So this blog is just about the first two days of our trip to make it a more manageable typing and reading experience.
First, though, it wasn't what we expected, and that was good and bad, starting with wine country. I thought it would be much more high brow. You would pass by a winery and then a trailer, a beautiful little town and then a gravel pit and truck yard. Guessing what eye sore came next became our little running joke. (Oh and another little game I liked to play was 'spot the solar panels'--much like when my sister and I were kids and would yell out "AIRBRUSH" when we drove into Panama City for vacation with my parents.)
When we first arrived, we drove through downtown and across the Golden Gate Bridge and ended up detouring to eat and browse Sausalito. It was wonderful with divine views of the city, a great personality and adorable cafes. Sausalito was also our first intro to the fact that even the tiniest place would have hard-to-pronounce sandwiches and mysterious ingredients. Delicious, but not the straight forward food you find in Texas.
After a wonderful morning strolling that town, he headed north for the official beginning of our first leg of the trip in Sonoma County. We stayed at the Hyatt in Santa Rosa, which I wouldn't recommend. While it had a pretty facade, they nickel-and-dimed us for everything(--hello, even McDonald's gives FREE wifi!) and it was devoid of personality. Trust me that if Kyle and I can't scrape personality from those around us after we have been drinking wine, than there is none to be found. Santa Rosa is a cute little town(if you call 161,ooo people little), again with the odd dichotomy of froo-froo hotels right on top of the homeless shelter. We did go out one night in Santa Rosa and it was interesting in it's own right. The first bar we went to had a suspect- looking black bus out front, which turned out to be the tour bus for the guitarist from the Scorpions. We also stopped into the Toad in the Wall next door which was so bad we didn't even finish our beers. The singer was bad mouthing the south and I got an ugly reminder from a lonely lesbian that, yes, some people really are fine with being rude and disconnected from the rest of the human race.
The last bar was great with live music and $16 glasses of wine. We mourned the fact we didn't go there first and finally headed back to the hotel.
On that note, when you go to Northern Callie, just get ready to bend over, grab your ankles and hand over your wallet.
Anyways, it was hard to get our bearings on where to go and what to do at first, but Kyle proved to have killer travel instincts, the first sign of this being when we stumbled across the Kendall-Jackson winery. KJ proved to be auspicious not only for the wonderful taste explosion I was to have, but for the very good advice our tasting expert gave us that helped us navigate the next few days. They had a wine and food pairing so unbelievable that had you only heard the audio of that delectable experience, you would have thought I was having an hour long orgasm. Each course was designed to bring out the true fullness of each wine. OH MY GOD. Sitting outside on the patio in the gardens with a handsome man, succulent food and elegant beverages, what more could a girl ask for? We had made a pact that we would not buy bottles of wine from every place we visited, but broke it on that very first afternoon. (Notice the telltale bag below.)

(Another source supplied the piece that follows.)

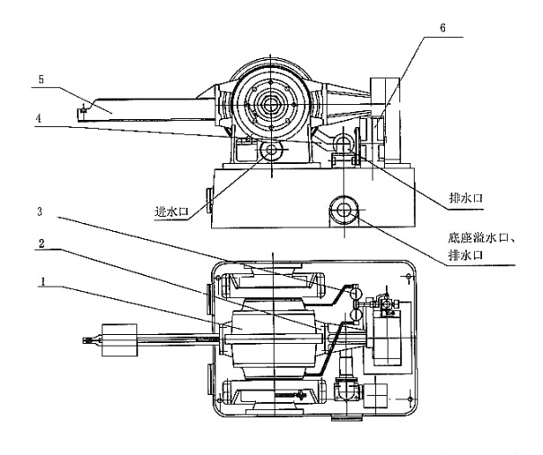 圖二(b)Y880-S、Y1900-S、Y3300-S水力測(cè)功機(jī)外形示意圖 1、機(jī)體部件 2、測(cè)功部件 3、潤(rùn)滑部件 4、進(jìn)排水部件 5、校正部件 6、自動(dòng)調(diào)節(jié)裝置部件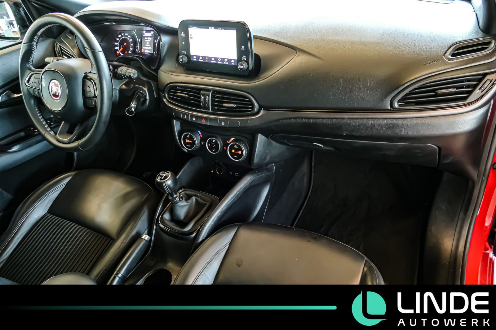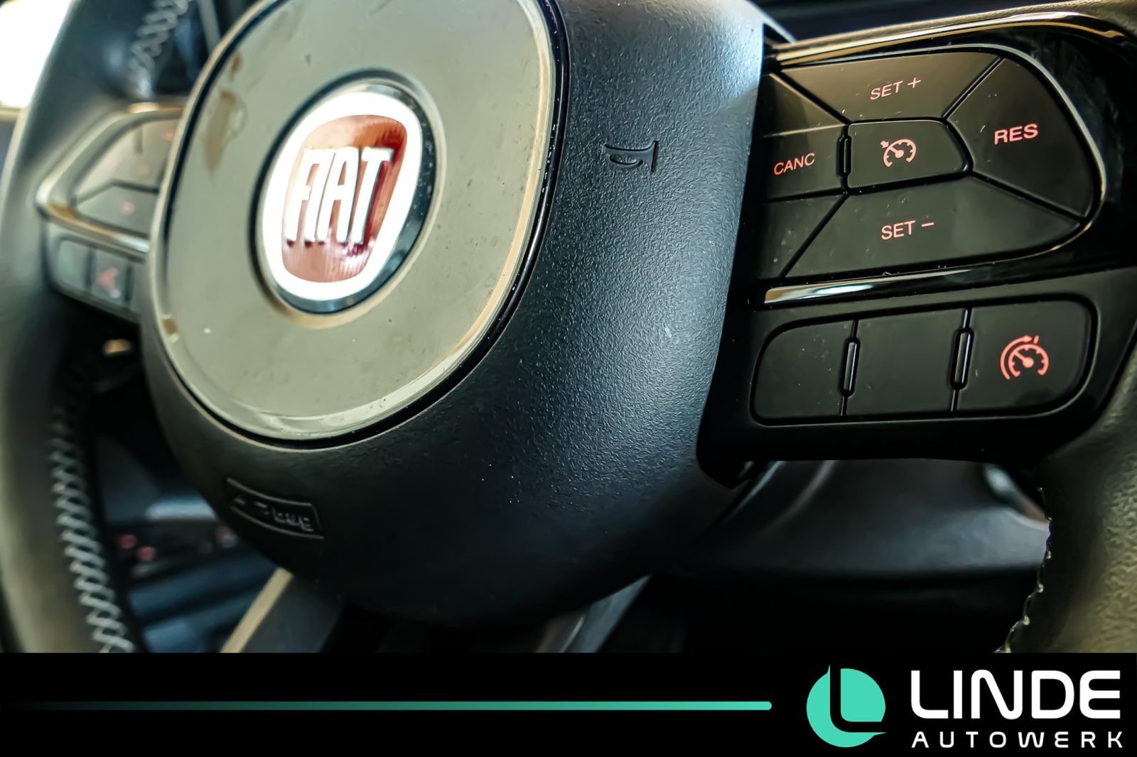 Airbag Fahrer-/Beifahrerseite, Airbag Fahrerseite, Airbag Beifahrerseite, Anti-Blockier-System (ABS), Antriebs-Schlupfregelung (ASR), Armlehne vorn, Audio-/Telefonbedienung am Lenkrad, Außenspiegel elektr. verstell- und heizbar, Außenspiegel schwarz lackiert, Außentemperaturanzeige, Beifahrerairbag abschaltbar, Bi-Xenon-Scheinwerfer, Control-Display mit TFT-Farbdisplay, Einparkhilfe hinten, Elektr. Bremskraftverteilung, Elektron. Stabilitäts-Programm (ESP / ESC), Exterieurumfänge schwarz, Fahrassistenz-System: Berganfahrhilfe, Fahrassistenz-System: Bremsassistent, Fensterheber elektrisch hinten, Fensterheber elektrisch vorn, Fußmatten, Geschwindigkeits-Regelanlage (Tempomat), Getriebe 6-Gang, Infotainment-System: UConnect mit MP3-Player (Touchscreen 7''), Freisprechanlage Bluetooth inkl. Audio-Streaming, Multimedia-Schnittstelle (USB / AUX-IN / SD-Karten-Schnittstelle), USB-Schnittstelle, Karosserie: 5-türig, Klimaautomatik, Kopf-Airbag-System vorn und hinten, Kopfstütze hinten mitte, Kopfstützen hinten, Lenkrad und Schalt-/Wählhebel Leder, Lenksäule (Lenkrad) verstellbar (vertikal / axial), Leuchtweitenregelung, Mobile Online Dienste UConnect Live, Motor 1,4 Ltr.

The next morning we drove to Armstrong Redwood State Natural Reserve and went on a six mile hike. The majestic redwoods tower over you with perspective-inspiring majesty and the peaceful mood seeps into your entire being. The hike was on the challenging side and I was glad Kyle brought our camel-packs.
Because we were already an hour north, we wound our way over to the famous Hwy 1 and drove the gorgeous and at-times nauseating turns up the coast. (Yes, those are sea lions. So cool!)
Let me tell you, California drivers are not scared to drive with one foot on the accelerator and and one foot at the doorway to heaven, and Kyle fell right in line. Can you see my face turning as green as the vegetation just at the memory? The scenery made up for it, but I only let go of the 'oh-shit' handle above the passenger door to take pictures.
We cut back south on the main highways and stopped in Healdsburg on a recommendation. Do not miss this little gem. Actually if you go to Sonoma, try to find a smaller hotel or b and b on a winery around Healdsburg. It's that good. We grabbed a divine Pinot, that turned out to be this particular wine maker's first official production of just 300 bottles (Chavez) and sat on the square in the waning sunlight snacking on salami, local cheese and olives. Perfection.